Il romanzo incomincia con l’incontro dei due protagonisti, Maria e Pietro. Pietro si innamorerà di Maria guardandola dalla finestra: “un vero colpo di fulmine”. Ai due personaggi si aggiungerà Giosuè, l’altro protagonista del racconto.
Nelle prime pagine del libro Giosuè rievoca il massacro di Vuttara, a cui ha assistito bambino di sei anni, e dove suo padre è stato ucciso durante una manifestazione pacifica organizzata dai Fasci dei lavoratori siciliani. Una manifestazione per la presa di possesso simbolica della terra di un ex feudo, diventato demaniale, che doveva essere assegnato e diviso tra i contadini. Terreni che erano voluti da uomini potenti e dalla mafia. Era il 20 gennaio del 1893.

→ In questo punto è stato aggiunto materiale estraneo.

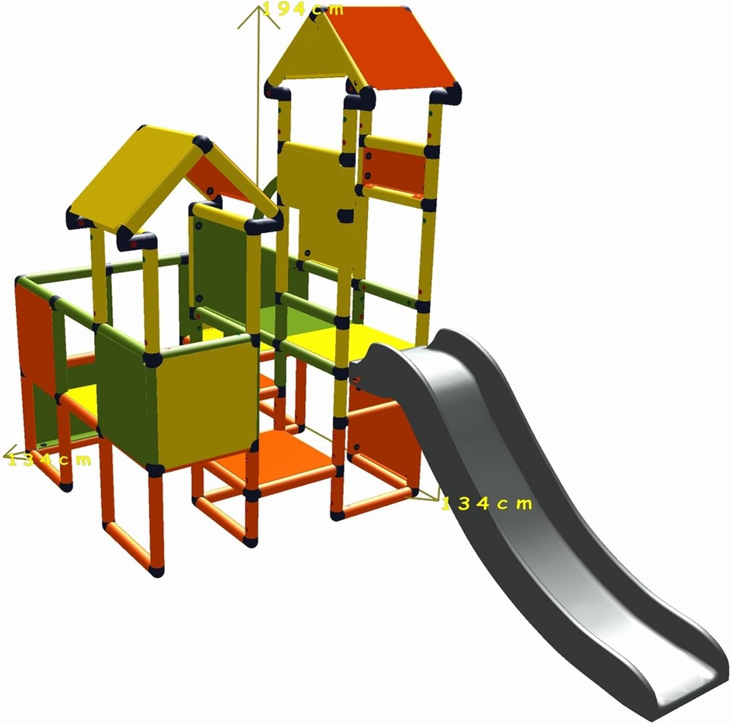 Con le sue due torri e molte marce, Moritz invita a giocare e scoprire. Sia come cavaliere che come castello, qui i piccoli possono dare libero sfogo alla propria fantasia. Uno scivolo colorato garantisce un divertimento ancora maggiore. Lo scivolo ha un'altezza di 60 cm. Dimensioni: 2,65 x 1,36 x 1,94 m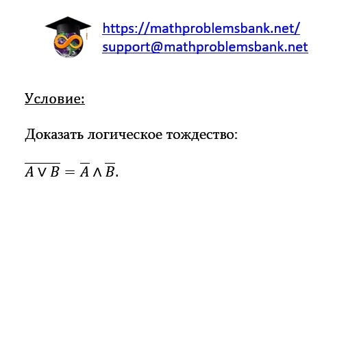 Условие: Доказать логическое тождество: \[ \overline{A \vee B}=\bar{A} \wedge \bar{B} \]

Giosuè viene affidato da suo padre, prima di morire, al padre di Maria, che aveva partecipato con lui al corteo, con la promessa di allevarlo ed educarlo.
Si racconta, in modo avvincente, la nascita della famiglia di Maria e Pietro. Il desiderio di emancipazione di Maria, il suo grande senso del dovere. Una fanciulla che non avrà una vita facile, ma che sarà anche felice.
La scoperta del suo amore per Giosuè, che è ebreo, le leggi razziali, le guerre, i terribili bombardamenti di Palermo ci accompagneranno lungo tutto il percorso.
E non manca una toccante descrizione delle condizioni di lavoro dei carusi, bambini di sette, otto anni che lavorano nelle miniere di zolfo. Il libro è animato da un profondo senso di giustizia e di amore ma anche da grande sfiducia verso la politica, sempre camaleontica e lenta nel dare risposte.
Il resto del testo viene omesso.